Las dos comitivas avanzaban, íbamos materialmente a toparnos ya, cuando a una indicación de corneta sujetaron los que venían y nosotros también.

Siguióse una escena igual a la anterior, entre dos oradores que se ocuparon una media hora de mi salud y de mis caballos. Pero esta vez todo fue más soportable, porque mientras los oradores multiplicaban sus razones con elocuente encarnizamiento, yo conversaba con el capitán Rivadavia que había salido a mi encuentro.

Este valiente y resuelto oficial, prudente y paciente, me representaba hacía tres meses entre los indios.

Le abracé con efusión, y uno de los momentos más gratos de mi vida ha sido aquél. Quien haya alguna vez encontrado un compatriota, un amigo en extranjera playa o en regiones apartadas y desconocidas, desiertas e inhabitadas, después de haber expuesto su vida unas cuantas veces, podrá sólo comprender mis impresiones.

Terminados los saludos, que eran seis razones, las que fueron convertidas en sesenta de una parte y otra, llegó el turno de los abrazos y apretones de mano. Esta vez no hubo más alteración en el ceremonial que toques de corneta. Di unos ciento y tantos abrazos y apretones de mano; y cuando ya no me quedaba costilla ni nervio en la muñeca que no me doliera, comenzaron los alaridos de regocijo y los vivas, atronando los aires. Todo el mundo, excepto mi gente, se desparramó gritando, escaramuceando, rayando los caballos, ostentando el mérito de éstos y su destreza. Aquello era un verdadera fiesta, una fantasía a lo árabe.

Así desparramados, dispersos, jineteando, marchamos un largo rato, viendo darse de pechadas mortales a unos, rodar a otros, haciendo éstos bailar los caballos, tirándose los unos al suelo en medio de la carrera y subiendo ágiles, corriendo los unos de rodillas sobre el lomo de su caballo y los otros de pie, en una palabra, haciendo cada cual alguna pirueta.

A un toque de corneta se reunieron todos, y formamos como antes lo expliqué, aumentando las alas los recién llegados.

Acababa de llegar un enviado de Mariano Rosas.

Su toldo estaba ahí cerca. Penetrar en él era cuestión de minutos, al fin.

Regresó el mensajero y Caniupán me dijo:

-Caminando poquito, hermano -dicho lo cual recogió su caballo y se puso al tranco.

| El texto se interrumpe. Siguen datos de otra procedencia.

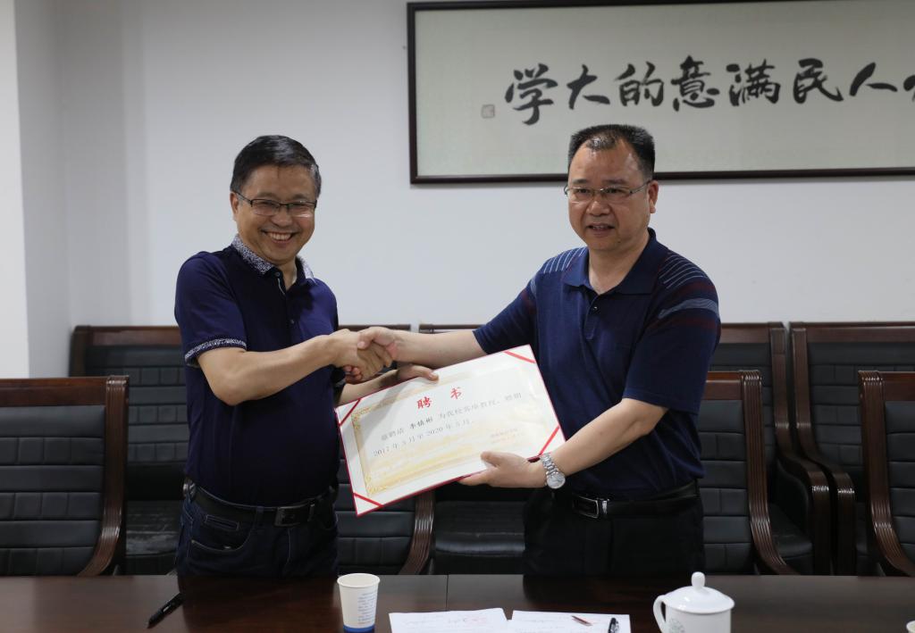 李建奇为李镇彬颁发客座教授聘书

Tuve que conformarme con su indicación. Recogí mi caballo e igualé el paso del suyo.

Llegó otro mensajero de Mariano Rosas, habló con Caniupán, y después me dijo éste:

-Parando, hermano.

Le habló a Mora en su lengua y éste me tradujo: que debíamos echar pie a tierra y esperar órdenes.

El lector juzgará si había motivo para rabiar un rato.

Yo, que en esta excursión a los indios he aprendido una virtud que no tenía, que por modestia callo, repito lo que antes he dicho: que no es tan fácil penetrar en el toldo del señor general don Mariano Rosas, como le llaman los suyos.